Il paterno Salvini darà dunque la sua benedizione al “cittadino” Ramy,  concederà una medaglia al suddito che ha superato il suo esame, con il plauso dell’invidioso Di Maio e della schiera dei soliti fantasmi da talk show, ossequiosi davanti a tanto regale generosità, ma lascerà a bocca asciutta migliaia di altri ragazzi, ai quali non è capitato di vivere un giorno da leoni e neppure di segnare gol in nazionale, ma che sono nati qui e sono approdati da noi neonati, che parlano la nostra lingua, che vivono normalmente nelle città e nei paesi italiani, che magari si sono già diplomati. Li vedo tutti i giorni all’ingresso delle scuole o nel prato dell’asilo sotto casa mia. L’altro giorno, per le giornate del Fai, in Valsesia, è stata una ragazzina di evidenti origini africane a spiegarmi mirabilmente le caratteristiche di una chiesetta trecentesca sotto la Parete Calva (in cima s’era rifugiato fra’ Dolcino, l’eretico che predicava la povertà della chiesa, citato da Umberto Eco nel suo “Il nome della rosa”, appena televisto). Quella ragazzina, studentessa di un istituto d’arte ne sapeva di più della storia italiana di tanti italianissimi cittadini… Ma nessuno si sognerà di concederle la cittadinanza.

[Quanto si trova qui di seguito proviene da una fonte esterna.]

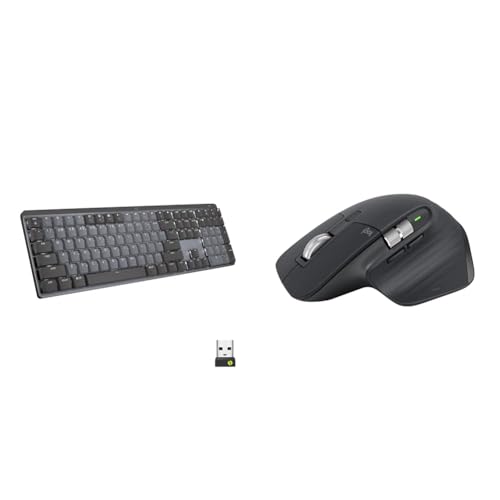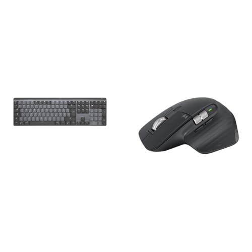 Logitech MX Mechanical trådlöst bakgrundsbelyst tangentbord, linjära brytare, Layout tysk - Grå & Logitech MX Master 3S - Trådlös mus för topprestanda med ultrasnabb scrollning, Ergo, 8K DPI, Mörkgrå

Alla fine della scorsa legislatura, il partito democratico presentò una legge, quella sullo ius soli (non stiamo a discutere adesso le forse non esemplari tappe di quella iniziativa e tanto meno i vari modi in cui si potrebbe declinare per legge questo diritto), che provava a risolvere la questione. Una legge tramontata nel nulla per tante ragioni e soprattutto per l’opposizione di Forza Italia, della Lega e per l’ignavia dei cinque stelle (già pregustavano evidentemente l’alleanza futura).

Il Pd ha resuscitato la sua proposta e i noti commentatori l’hanno sbeffeggiato, accusandolo di strumentalizzare Ramy. Sorrisi ironici e facce sdegnate si sono alternate sui nostri sovranisti teleschermi. Ma come… questi approfittano dell’eroismo di un ragazzino per riparlarci di jus soli, che vergogna. Potrei ribattere: che vergogna loro, che rinunciano per opportunismo a considerare quanto è cambiata la società italiana, quali trasformazioni vive il nostro mondo, che rinunciano a qualsiasi sguardo lontano. Che non colgono la lezione impartita dal giovane Ramy.

Devo riconoscere però la bontà di una loro unanime osservazione: la ripresa della battaglia per lo jus soli si ritorcerà contro il Pd. C’è da crederlo in un paese che rincorre ministri del nulla e della propaganda come Salvini, ministri del cui operato non c’è traccia, capaci però di toccare il cuore perbenista, egoista, fascista, irrazionale di tanti, solo promettendo lotta ai barconi e libertà di sparare.